Research was undertaken using cutting-edge visualisation techniques such as X-ray crystallography, which was undertaken at Diamond, and single-particle cryo-electron microscopy (cryo-EM).
HTLV-1 is a virus that affects T cells, a type of white blood cell which plays a crucial role in our immune system. Currently, between five and 20 million people worldwide are infected by HTLV-1 and no cure or treatment is available. While most people infected with the virus do not experience symptoms, around two to five per cent will go on to develop adult T-cell leukaemia (ATL).
New research, led by a team from Imperial College London and the Francis Crick Institute, shows in atomic detail how HTLV-1 infects immune cells. By providing a more nuanced understanding of how the virus establishes infection in the body, the research will help to support the development of new, targeted therapies.
Cryo-EM, a cutting-edge visualisation technique, allowed the team to take thousands of images of a specific molecule within the virus’ structure known as integrase.

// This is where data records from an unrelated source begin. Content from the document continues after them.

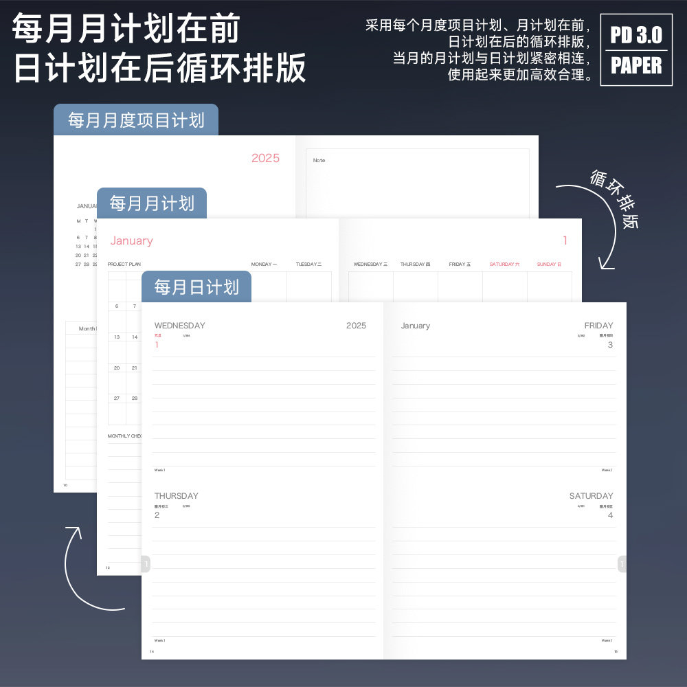 2026年日程本新款计划表365天每日时间管理效率手册大学生日历自律打卡本高颜值记事本文艺精致手账笔记本子
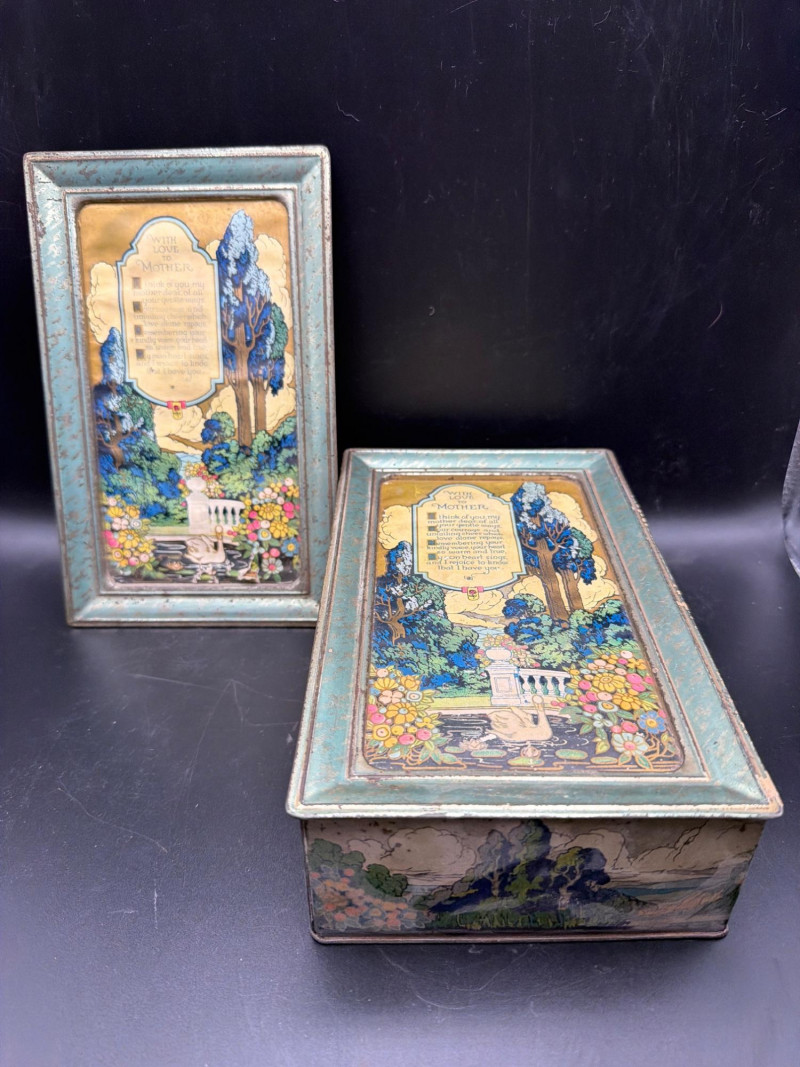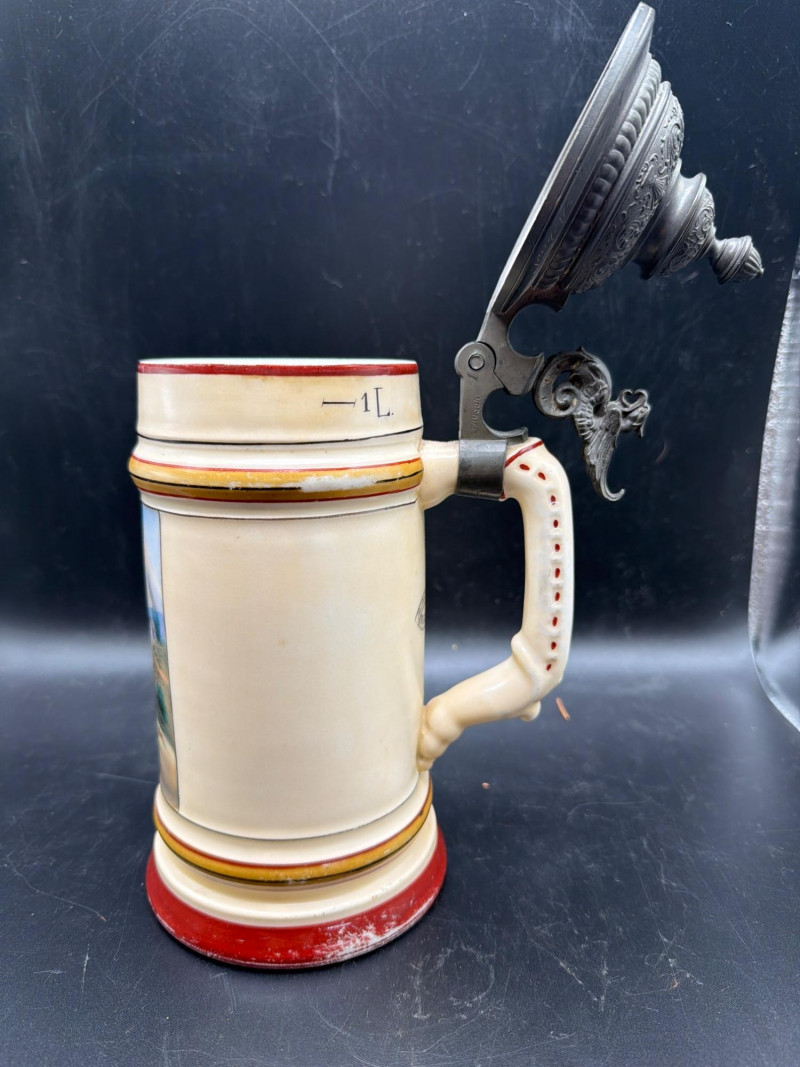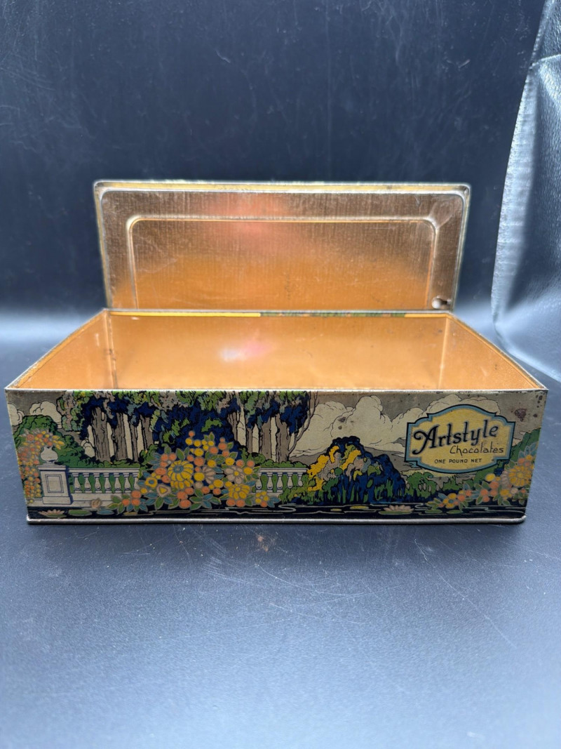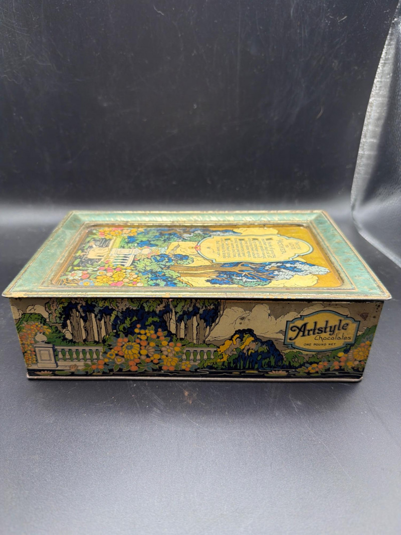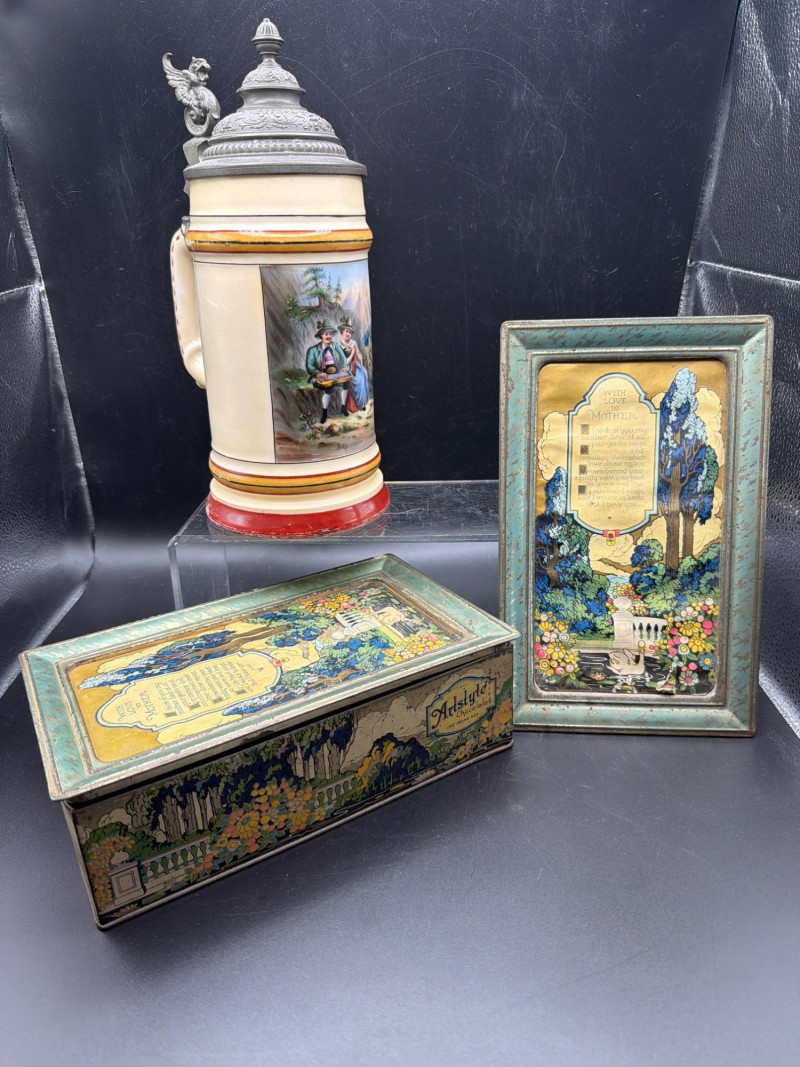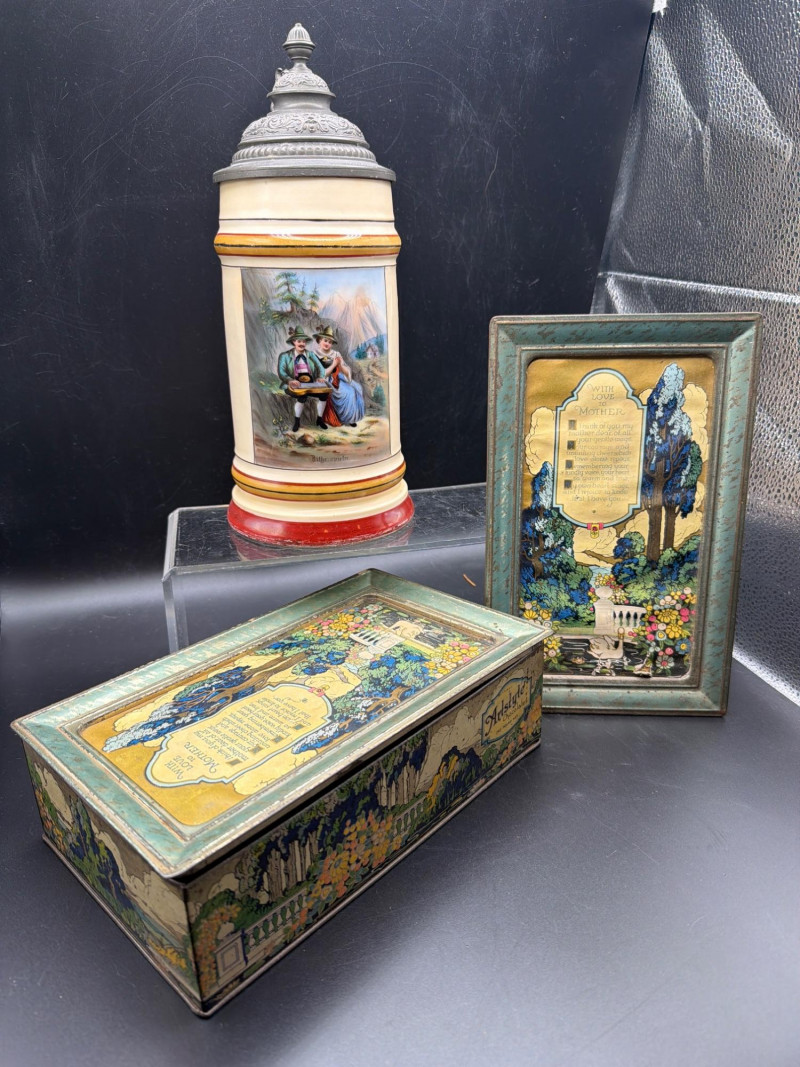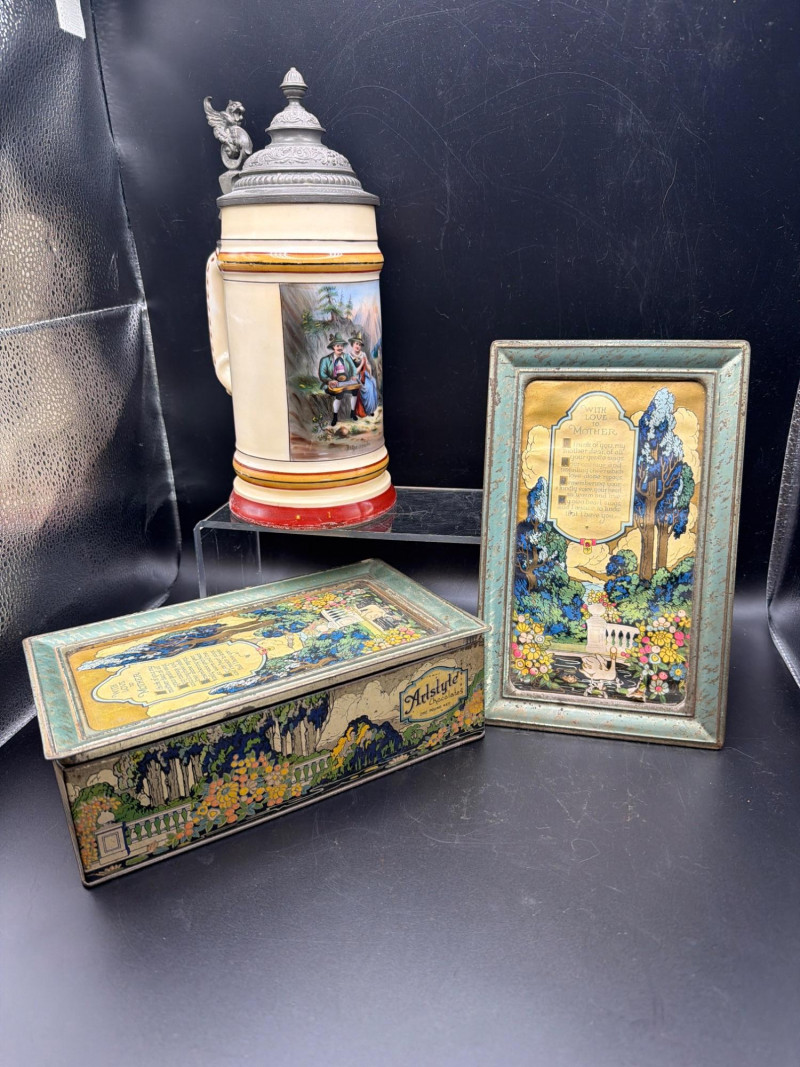 A charming duo of early 20th-century European-style collectibles. This lot features two distinct decorative pieces that showcase traditional craftsmanship and vintage artistry. The lot includes: Artstyle Chocolates Tin: A beautiful metal storage container from the early 20th century. Traditional German Beer Stein: A classic ceramic or stoneware mug featuring a functional metal hinged lid. Condition: Good Vintage Condition. * Tin: Shows a wonderful aged patina with minor surface scuffing and light oxidation consistent with its 100-year history. Stein: The ceramic is free of major chips, cracks pictured, and the hinged lid operates smoothly. SHIPPABLE: Yes Please note: Shipping is charged separately from the auction. Once the auction invoice is paid, if you chose shipping, a second invoice for the exact shipping cost will be sent to the winner.Shipping
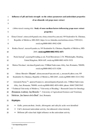 Cristea, E., Sturza, R., Jauregi, P., Niculaua, M., Ghendov-Moșanu, A. and Patras, A. (2019) Influence of pH and ionic strength on the color parameters and antioxidant properties of an ethanolic red grape marc extract. Journal of Food Biochemistry, 43 (4). e12788. ISSN 1745-4514 doi: 10.1111/jfbc.12788
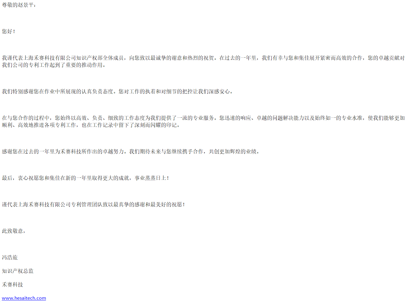 新年伊始,集佳喜获来自客户上海禾赛科技有限公司的感谢信,对欧陆娱乐上海分所提供的优质服务表示感谢。
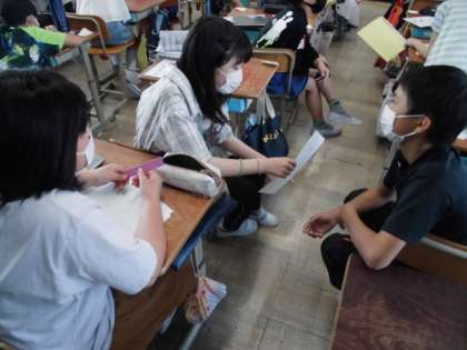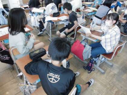 総合的な学習の時間には,資料から京都にやってくる観光客の人数など傾向を読み取りました。その後,自分が読み取ったことをグループで出し合いました。
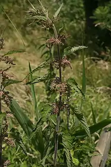 Urtica dioica subsp. galeopsifolia, the fen nettle or stingless nettle, is a herbaceous perennial plant found in Europe. It is considered to be either a subspecies of stinging nettle (Urtica dioica), or a species in its own right: Urtica galeopsifolia.
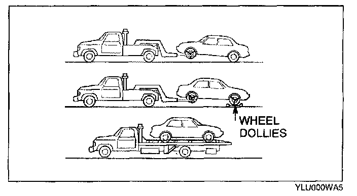 A towed vehicle usually should have its front wheels off the ground. If excessive damage or other conditions prevent this, use wheel dollies.
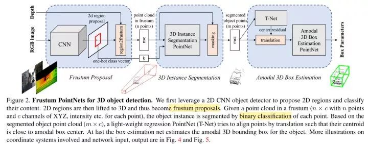 上述的PointNet和PointNet++主要用于点云数据的分类和分割问题,Frustum-PointNet(F-PointNet)将PointNet的应用拓展到了3D目标检测上。目前单纯基于Lidar数据的3D目标检测算法通常对小目标检测效果不佳,为了处理这个问题,F-PointNet提出了结合基于图像的2D检测算法来定位目标,再用其对应的点云数据视锥进行bbox回归的方法来实现3D目标检测。F-PointNet的网络结构如下图所示。
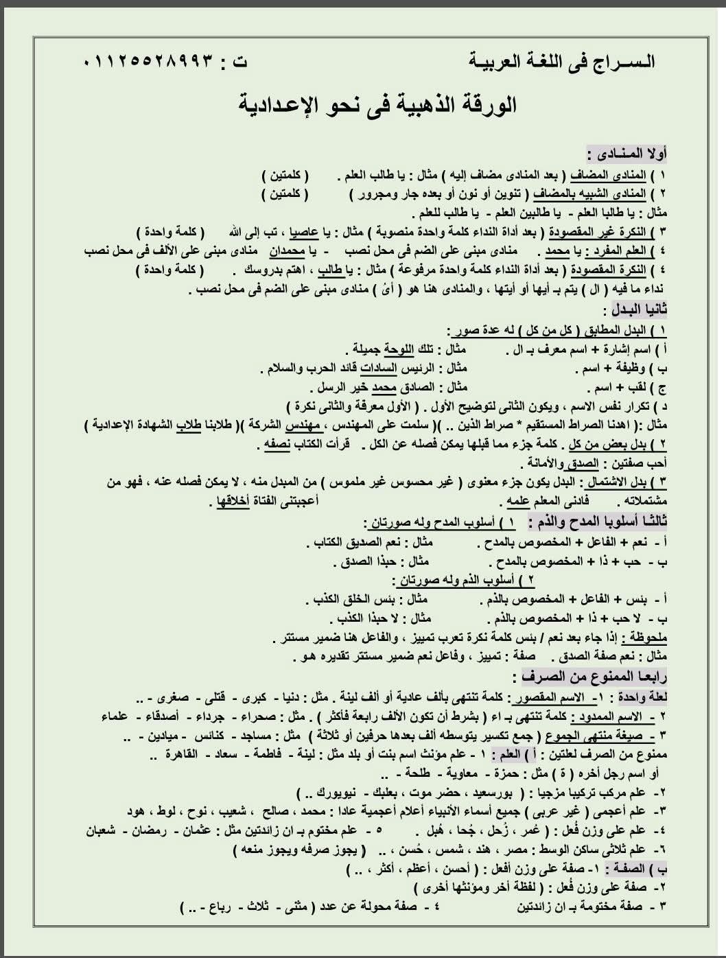 أقوى مراجعة في ليلة امتحان النحو الشهادة الاعدادية
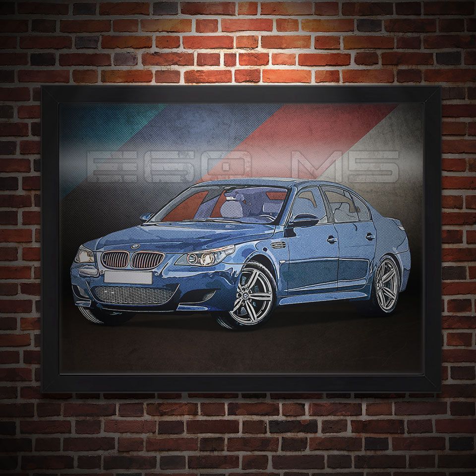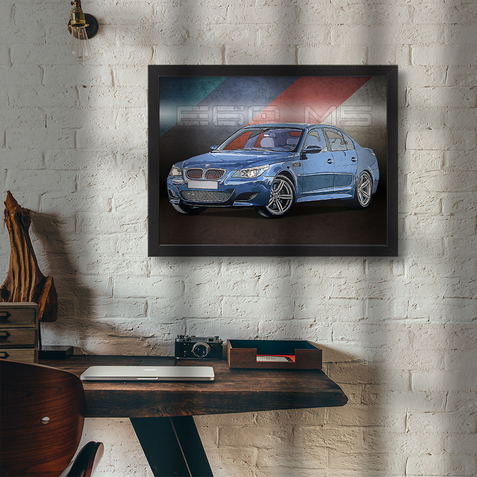 Obraz z naszą autorską grafiką w stylu retro, przedstawiający samochód BMW E60 M5
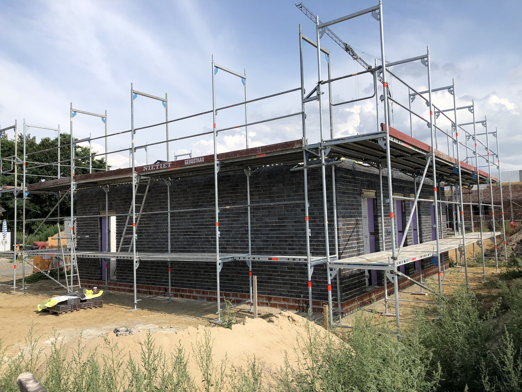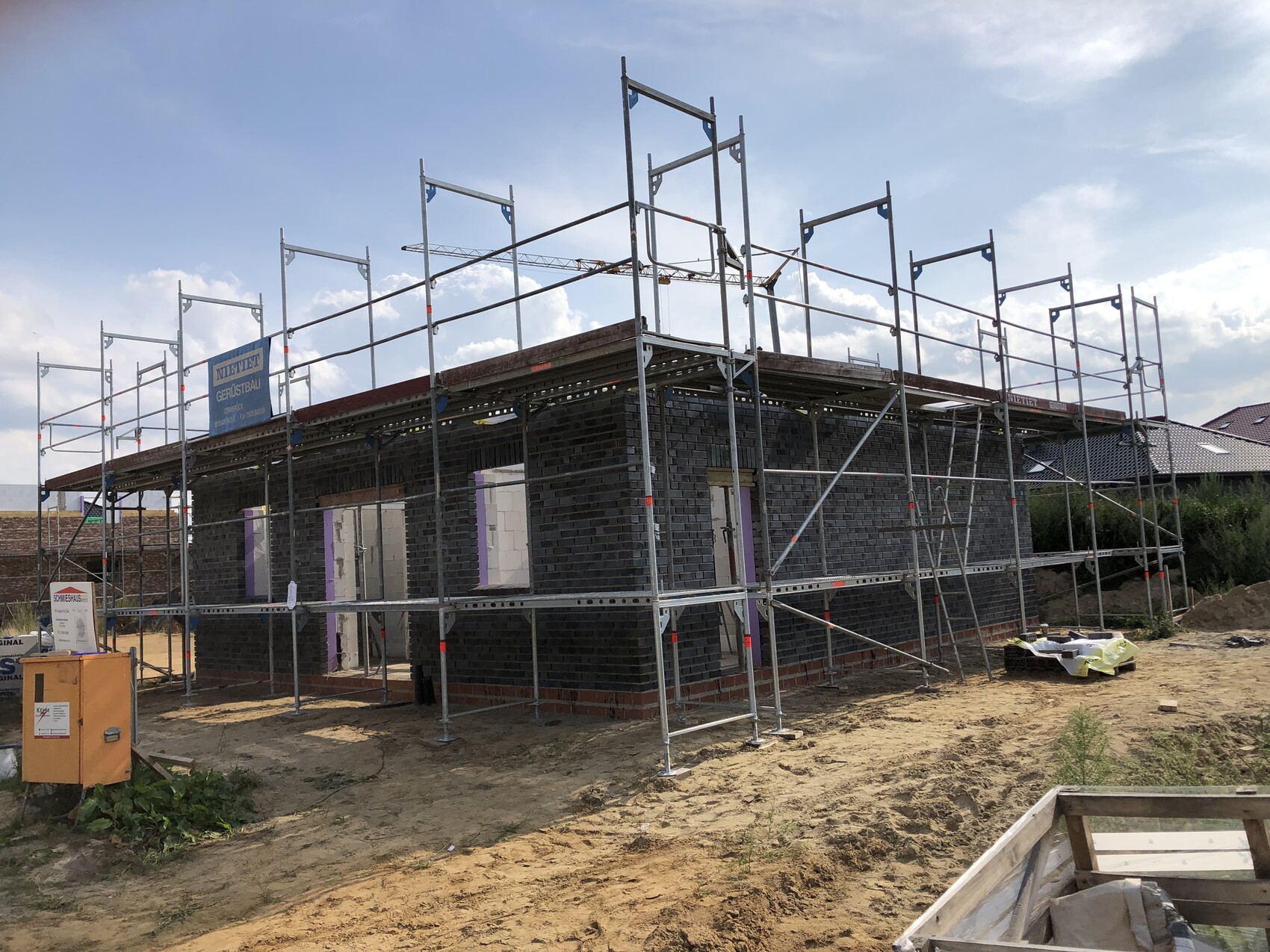 Heute (10 Arbeitstag) kam das Gerüst an das Haus.
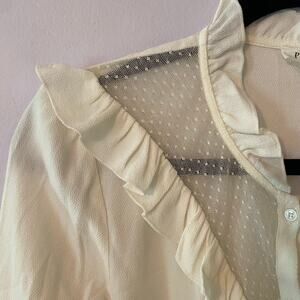 Pablo Women's size 38 White Ruffle Button Down Blouse French Viscose Lightweight
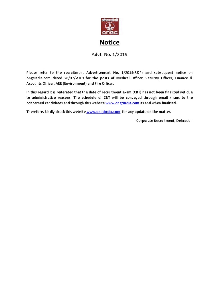concerned candidates and through this website www.ongcindia.com as and when finalised.

Scientists also used the high intensity X-ray beams at Diamond to solve five high-resolution crystallographic structures of different components making up the integration apparatus (the so-called intasome) of the HTLV-1 virus. Along with the data obtained from cryo-EM experiments, scientists used an integrative structural biology approach to “assemble” the structure of the entire intasome complex from these known components.
The researchers discovered that HTLV-1 uses integrase to hijack protein phosphatase 2A (PP2A), an important gatekeeping protein in immune cells. The virus is then able to insert a copy of itself into human DNA, representing an important tipping point in the infection cycle.
The study’s lead author from Imperial College London, Dr Michal Barski, said:
This is an incredibly exciting time. 40 years after HTLV was discovered, we have finally laid the foundation for understanding with atomic precision how this virus integrates into human DNA and how it hijacks a key human protein to achieve this.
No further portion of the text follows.